By Eric Peterson | Jul 11, 2022
RF-based temperature sensors
A longtime leader in RF science at the University of Colorado Boulder, Popovic was one of the inventors behind the wearable sensor LumenAstra is now commercializing.
Her Microwave and Radio Frequency Research Group developed the now-patented technology to accurately internal body temperatures below the skin.
The idea stemmed from a problem the U.S. military was having trouble detecting: potentially fatal heat stress. "They were having soldiers drop dead in Afghanistan due to heat stress," says Pollock. "You've probably also heard of football players in Tennessee and Texas dropping dead on the field at practices."
While others struggled, Popovic's group found a solution rooted in RF telescopy. "We realized if we work in the near field, the regular things that apply to the far field don't apply," she says. "We can sense at a depth inside the body."
Pollock, a self-described "high-tech geek," calls LumenAstra a return to his roots. "I did a little volunteer thing at the Tech Transfer Office at University of Colorado, where I was called entrepreneur-in-residence. I worked with faculty that had patents, ideas, and inventions to figure out: Is it commercializable?
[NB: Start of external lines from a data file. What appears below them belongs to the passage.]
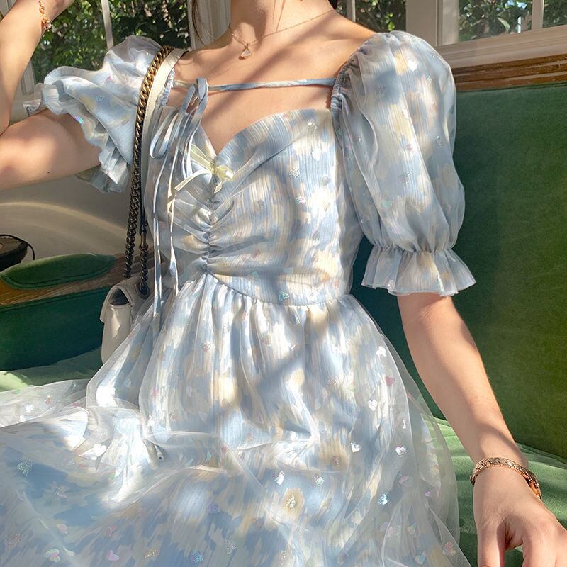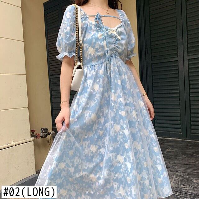 フレンチスウィートドレス女性半袖レースアップドレス花パーティー妖精ドレス 2021 夏セクシーな ショート ハーフスリーブ 大人ガーリー キュート カジュアル サマー 夏物 花柄 bel46994085672 | aliel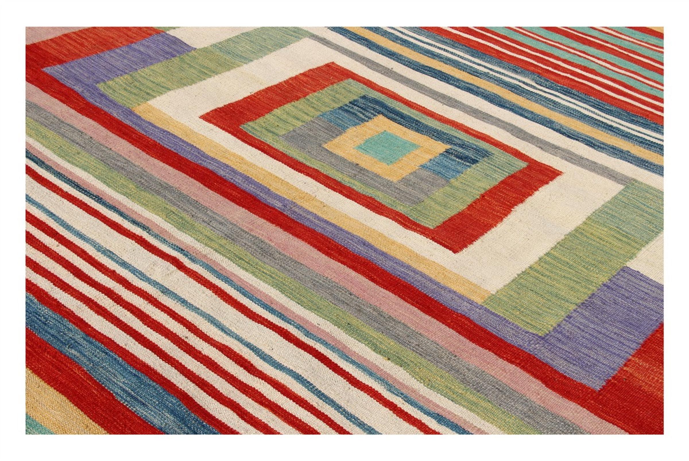 Samtidigt omfattar Kelim Afghan Edition också modernt tolkade färgvarianter. Dessa inkluderar harmoniska naturtoner som beige, grå eller oliv samt livliga accenter i turkos, grön, rosa eller flerfärgade kompositioner. Denna mångfald gör afghanska kelimer särskilt mångsidiga: De kan användas både som en traditionell blickfångare och som ett stilfullt designelement i moderna bostadsconceptrar.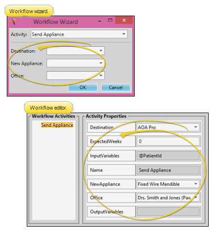 Expected Weeks - (Available only from the Workflow editor.) Enter the number of weeks this appliance is generally out for service. If you leave this field at 0, no expected return date will be entered into the patient folder.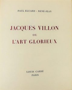ELUARD (Paul) - RENE-JEAN. JACQUES VILLON ou l'art glorieux. Paris, Louis Carré, 1948. In-4° broché, sous chemise et étui de l'éditeur. Édition originale tirée à 1800 exemplaires numérotés sur vélin du Marais (n°?853). 7 lithographies en couleur hors texte, dont 3 à double page.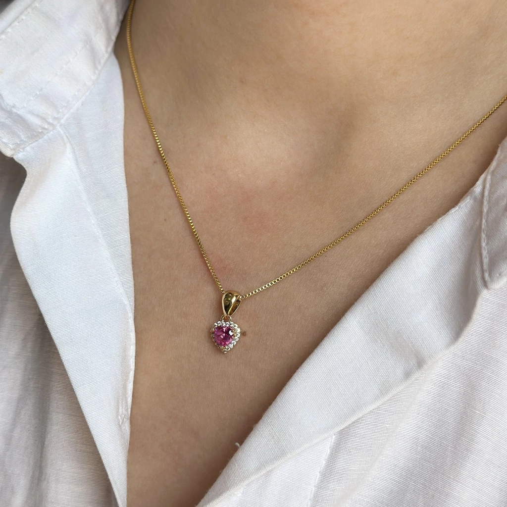 Colar Pingente de Coração Zircônias Pink em Banho Ouro 18K
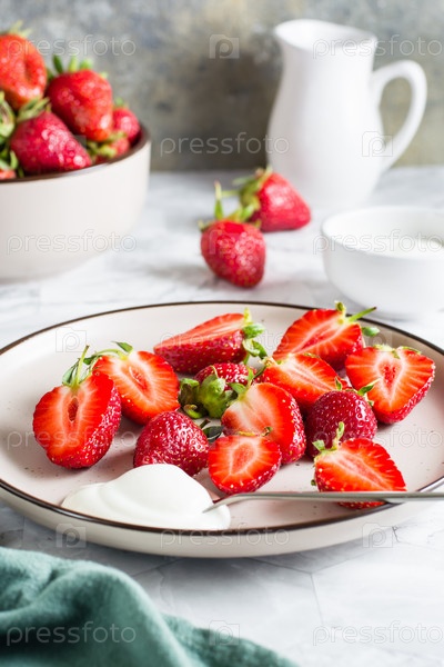 Свежая нарезанная клубника и йогурт на тарелке. Полезный витаминный десерт. Вертикальный вид. Крупный план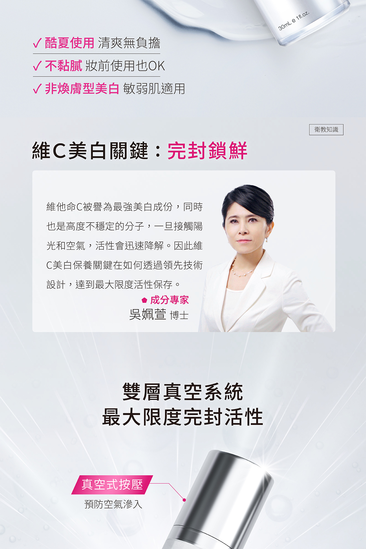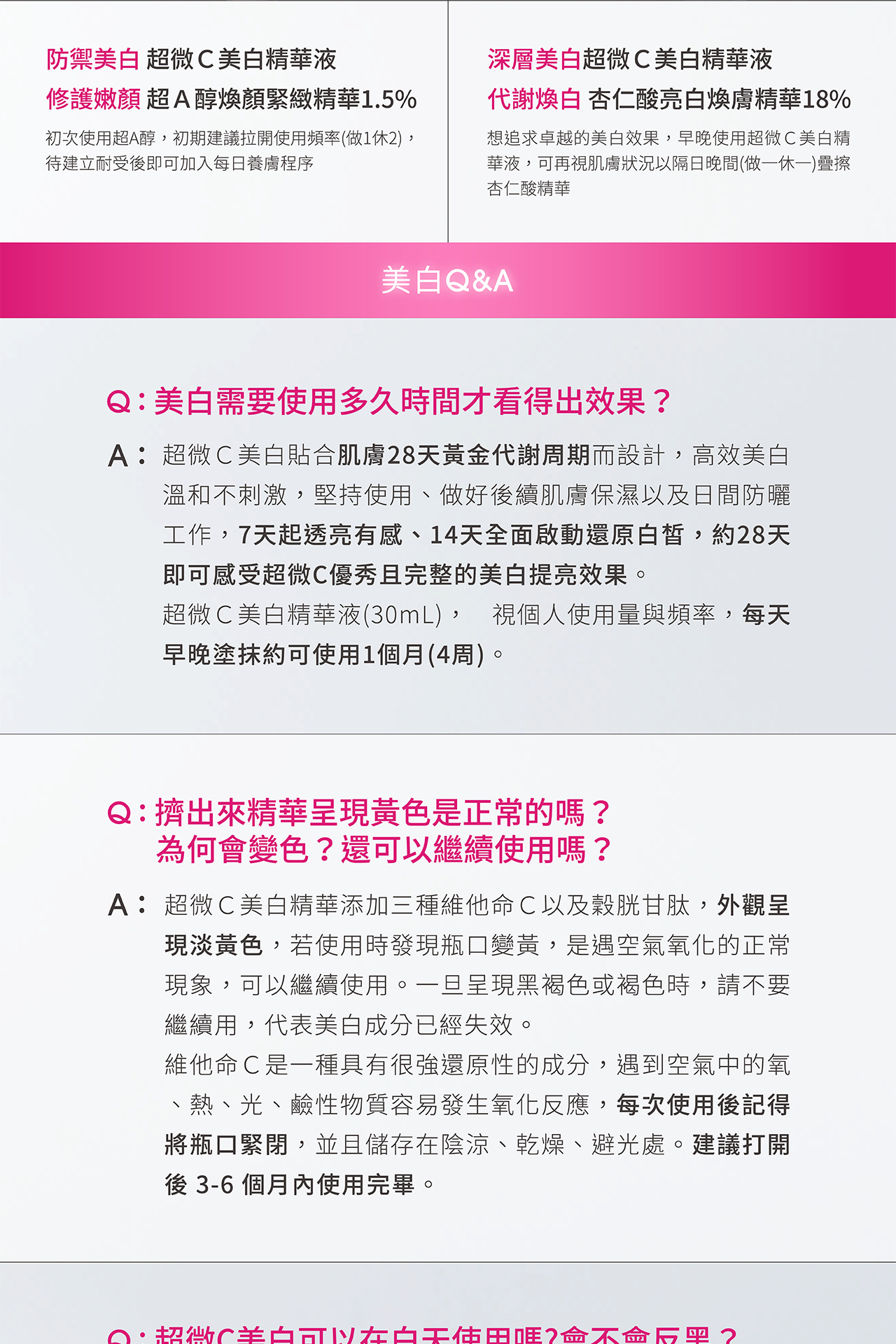 完美複合三種維他命C(乙基C、長效C、微脂C)並結合多種高濃度美白植物精萃所打造的美白革命科技超微C,全面啟動斷黑機制、勻亮膚色,再搭配菸鹼醯胺(B3)舒緩、以及角質分解因子Melaclear 2加速肌膚更新,輕盈水感質地易吸收,不留黏膩感,幫助改善暗沉、膚色不均等膚色困擾,為肌膚帶來細膩光澤,打造淨、透、勻、亮、白的鑽石般肌膚。溫和不刺激配方,敏弱肌也能安心美白,且無光敏問題,早晚皆可塗抹、全天候美白不打烊。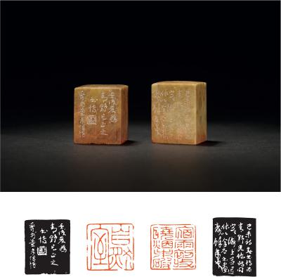 TWO ENTERTAINING QINGTIAN STONE SEALS ENGRAVED BY REN SHUBO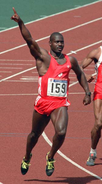 1988年ソウル五輪、ルイスとの「世紀のレース」に決着をつけ、「ナンバーワン」の右手を高く突き挙げるベン・ジョンソンだったが…(C)共同通信社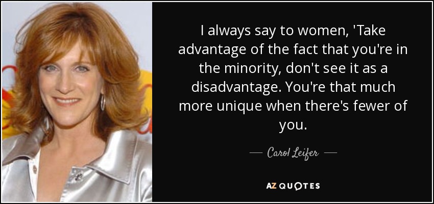 I always say to women, 'Take advantage of the fact that you're in the minority, don't see it as a disadvantage. You're that much more unique when there's fewer of you.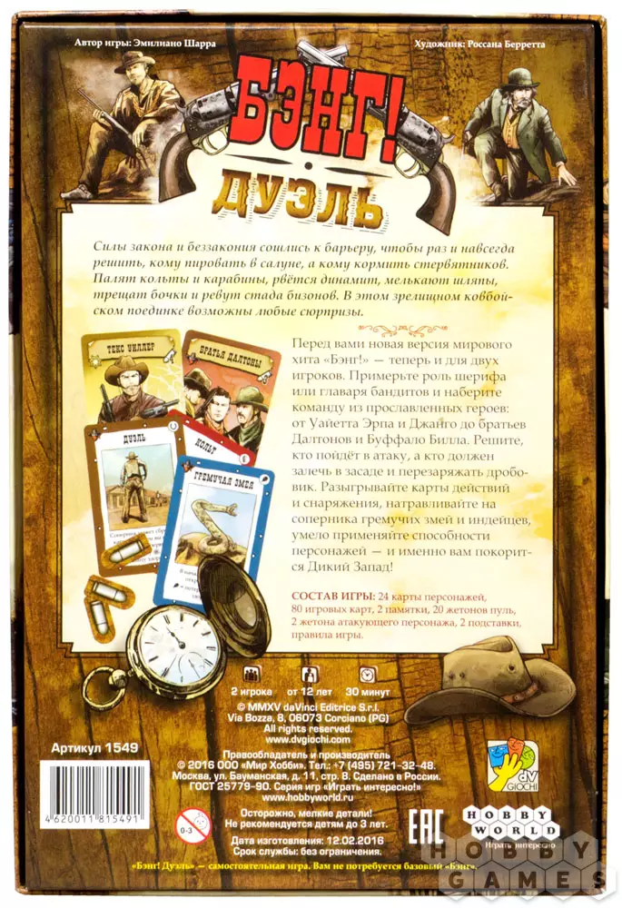 "Бэнг! Дуэль" – это самостоятельная игра, принадлежащая серии настольных игр "Бэнг". Оригинальная игра не потребуется.

How would you go about commercializing it?"
LumenAstra's wearable sensor "is like a bandage you can stick anywhere on your body and it'll measure internal temperatures several centimeters below the skin," says Pollock. "It's a very tiny radio telescope that's aimed three centimeters into your body instead of 10,000 light years away, figuring out the temperature of a star. . . . So we can directly measure brain temperature, which is impossible to do without cutting into the skull. We can measure tumor temperatures, circadian rhythm for fertility prediction. There's a lot of interesting applications coming out of it."
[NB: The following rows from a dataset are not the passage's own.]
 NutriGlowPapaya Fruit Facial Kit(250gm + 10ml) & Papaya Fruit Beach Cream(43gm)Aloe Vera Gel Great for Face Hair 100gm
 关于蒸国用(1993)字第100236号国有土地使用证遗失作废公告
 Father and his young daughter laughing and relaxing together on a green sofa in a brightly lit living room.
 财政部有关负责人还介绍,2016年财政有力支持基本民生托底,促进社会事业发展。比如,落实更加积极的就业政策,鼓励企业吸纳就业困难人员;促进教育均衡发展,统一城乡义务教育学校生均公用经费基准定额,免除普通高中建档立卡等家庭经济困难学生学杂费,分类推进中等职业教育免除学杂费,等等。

"Everything -- stars, galaxies, the chair you're sitting on, your body -- everything radiates electromagnetic radiation proportional to the temperature," he adds. "We lower that frequency way down to the gigahertz range and now we can actually see several centimeters into the body."
The company built the first lab prototype in summer 2021 and has since iterated it to about the size of half of a credit card. "We're at the point where we're going to have a real prototype out this summer and start making some measurements on some people in surgical settings," says Pollock.
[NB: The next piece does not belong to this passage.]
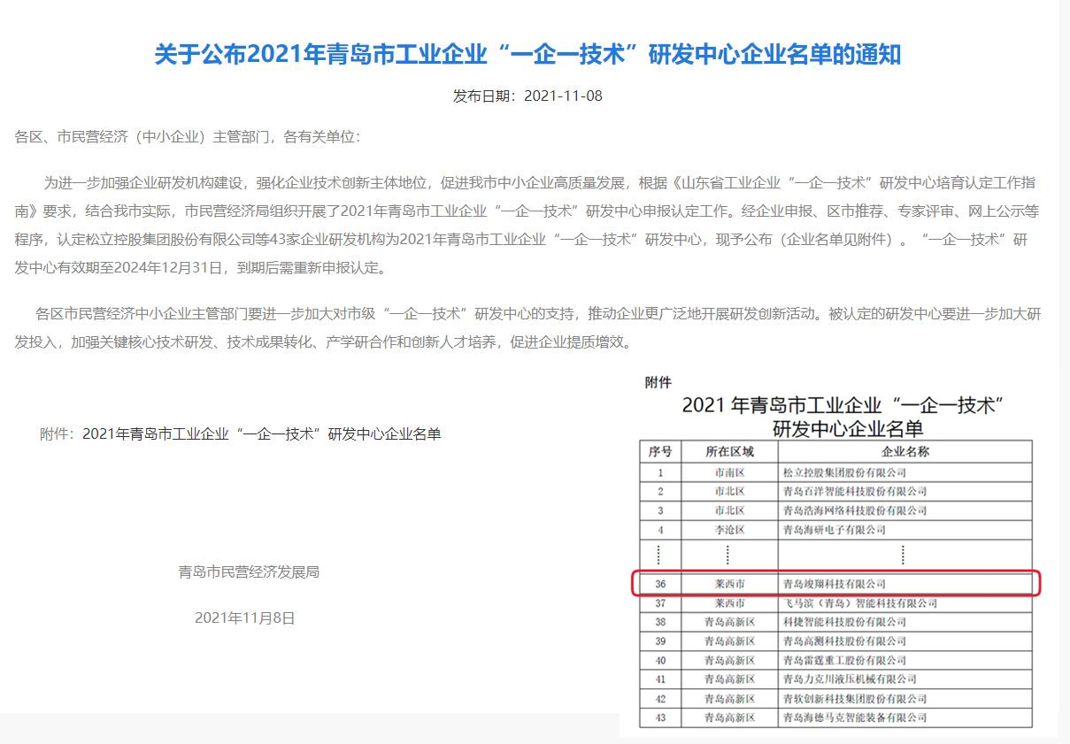為進(jìn)一步加強(qiáng)企業(yè)研發(fā)機(jī)構(gòu)建設(shè),強(qiáng)化企業(yè)技術(shù)創(chuàng)新主體地位,促進(jìn)青島市中小企業(yè)高質(zhì)量發(fā)展,包括我公司在內(nèi)的43家企業(yè)研發(fā)機(jī)構(gòu)被認(rèn)定為2021年青島市工業(yè)企業(yè)“一企一技術(shù)”研發(fā)中心。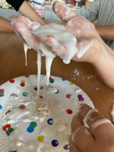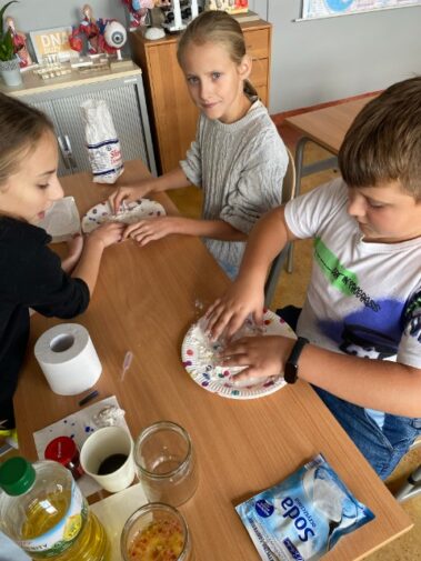 Za nami pierwszy miesiąc nauki i pierwszy miesiąc zajęć rozwijających kreatywność uczniów.🌍👀☘️📚📒🔍Na zajęciach uczniowie wykonywali różne, kolorowe doświadczenia. Sprawdzaliśmy co to jest napięcie powierzchniowe, badaliśmy właściwości wody czy świetnie się bawiliśmy, wykonując ciecz nienewtonowską. Poniżej kilka zdjęć z zajęć

LumenAstra is targeting 2023 for FDA approval. Pollock says the first market will be for aortic repair surgeries -- low brain temperature is critical to the procedure -- then the company will then target intensive care units.
The company has three full-time employees and also works with a team of five Ph.D researchers in Popovic's at CU. It currently relies on a local manufacturer for initial printed circuit boards and sources semiconductor wafer from Taiwan. As volumes increase, "We'd like to stay as local as we can on the board level," says Pollock. "We have to go out to Taiwan on the semiconductor level."
"Our strategy is to build a sensor component, and we can either build it ourselves into a standalone device or we can sell it to a manufacturer that integrates it with other components," says Pollock.
Challenges: "We're listening to extremely small signals . . . and we're completely surrounded by microwaves that could interfere with it -- your cell phones, GPS signals from satellites, or if someone turns a microwave oven on," says Pollock.
"We think we have a pretty good handle on it. That's why really nobody else has done this. Nobody figured it out until Zoya came along."
Adds Popovic: "I think the challenge will be to get the first angel funding, because this is early technology still. I think we used to have a challenge to get research money to further develop the technology, but I actually have more funding than people to work on it."
Opportunities: Beyond the areas where there's an "obvious value proposition" like surgery and ICUs, Pollock says the big opportunity is licensing LumenAstra's technology to the Samsungs and Fitbits of the world.
Analysts estimate the annual U.S. market for home thermometry is about $1.2 billion -- spanning more than 100 brands -- and the medical market is much larger. Pollock says that a wide range of medical procedures, including cancer therapy, could benefit from more precise internal temperature readings.
Popovic says research indicates that circadian cycles get interrupted when the body's core and peripheral temperatures are out of phase.
"There are a huge number of psychological issues and eating disorders and sleeping disorders that are related to the circadian cycle," she explains. "If you can monitor [internal temperatures] over the long term, then when you know that this happens, you can apply external stimuli."
Needs: Capital, vendors, and employees -- namely "a couple of full-time engineers who are in the RF space and IoT," says Pollock. "Then we'll be looking for outsourcing for the design and manufacturing of the actual package, in that order."
LumenAstra and Popovic's lab have raised about $1.5 million to date, and the company is aiming to raise another $1 million in angel funding in 2022.